Mesmo gostando de aprender, mas prevendo minha insatisfação com meus colegas do curso diurno que apenas queriam estudar e nada mais, eu resolvi transferir minha matrícula para o período noturno. Assumimos a política estudantil, que discutia a cobrança e o pagamento de alguns valores. Nos reuníamo-nos no pátio da escola para afirmarmos que em escola pública não se pode cobrar taxas. Geralmente a cobrança era do “Círculo de pais e mestres - CPM”, mas nem os pais ou nós mesmos fazíamos parte disso. Discutíamos a importância de uma educação pública gratuita e de qualidade. Tínhamos embates com a direção, com a polícia, com colegas de outras

escolas e até nos associávamos aos colegas da universidade para discutirmos, por exemplo, o aumento da passagem urbana.

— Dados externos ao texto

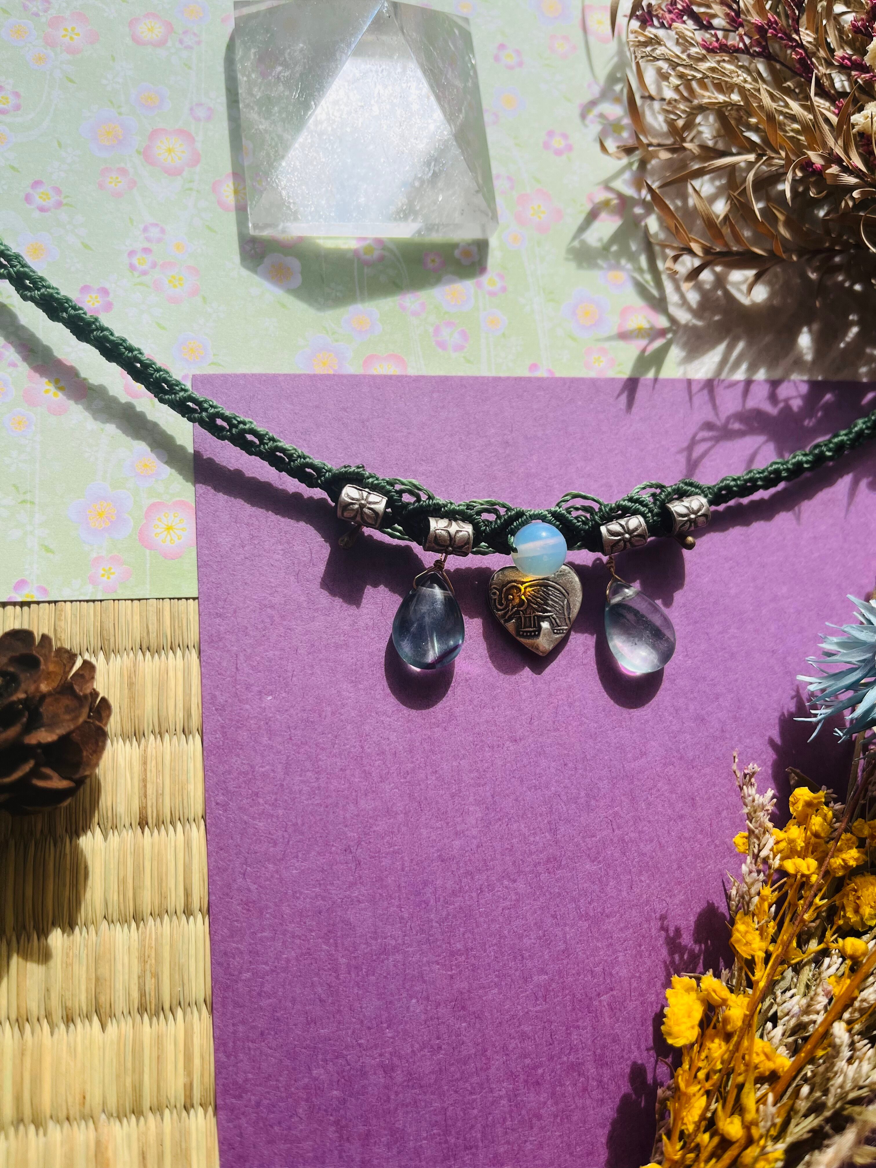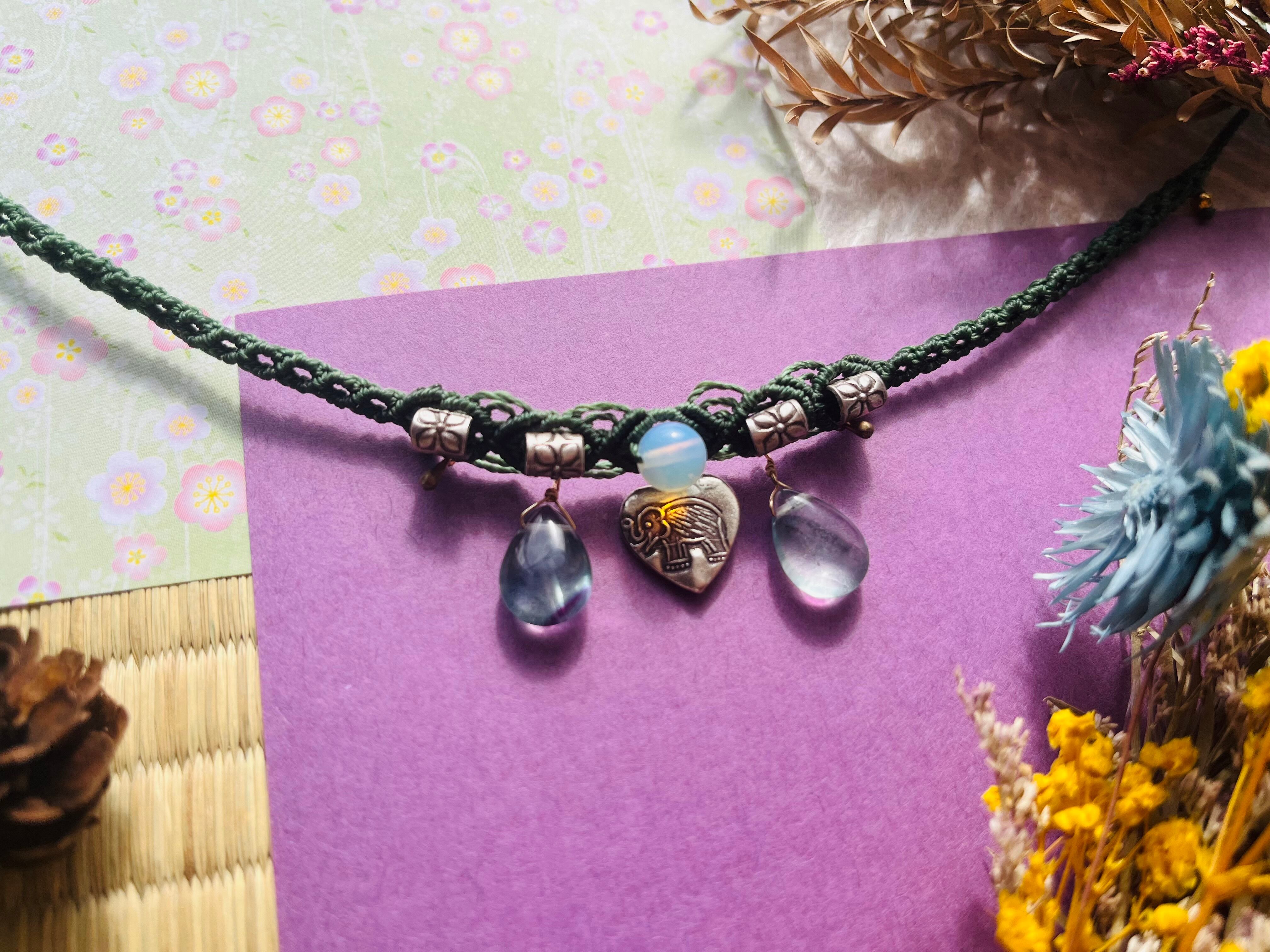カレンシルバーの象のトップ、オパール、フローライトが美しく調和し、あなたのスタイルに優雅な輝きを添えます。

Frequentemente nos evadíamos das salas de aula para fazer um chamamento em outras escolas. Assim, nos uníamos. Batíamos panelas em conjunto com os outros colegas. A polícia, em seu exercício de poder, nos colocava no meio, como se fôssemos o “recheio do sanduíche”. A qualquer ordem superior, os policiais estavam prontos para nos bater e nos conter! Isso aconteceu. Muita gente apanhou! Mas seguimos em frente, fomos resistentes.

Sempre, em todos os seguimentos sociais, a relação hierárquica está presente. A hierarquia faz parte da organização social e institucional, ou seja, alguém exercita plenos poderes e outros tantos submetem-se a esses poderes. Ou o exercício do poder, conforme o cargo que ocupam, são de maior ou menor grau. Estes exercícios constituem o ‘norte’ da sociedade e refletem na educação. Destes provem as polaridades ‘certo-errado’, ‘bem-mal’, ‘sucesso-fracasso’. Com isso, o fracasso sempre esteve camuflado nas instituições de ensino, da Educação Básica ao ensino superior. O fracasso, de um lado, está diretamente relacionado a minha pessoa por não ter conseguido cumprir as exigências escolares em um determinado período. O fato de não atingir a média estipulada está diretamente ligado ao como alguns professores que passaram pela minha vida, por meu rosto, ministravam suas aulas. E por outro lado, a rigidez e o pensamento competitivo presentes no interior das instituições de ensino, que não preveem o processo pelo qual o estudante passa se concentrando apenas nos resultados dados pelas melhores notas ou pelas médias mínimas atingidas pelo discente. Sendo assim, o verbete fracasso do dicionário Houaiss é bastante preciso: a ação de fracassar significa insucesso, malogro, desastre, desgraça, estrondo, fiasco, ruído e ruina.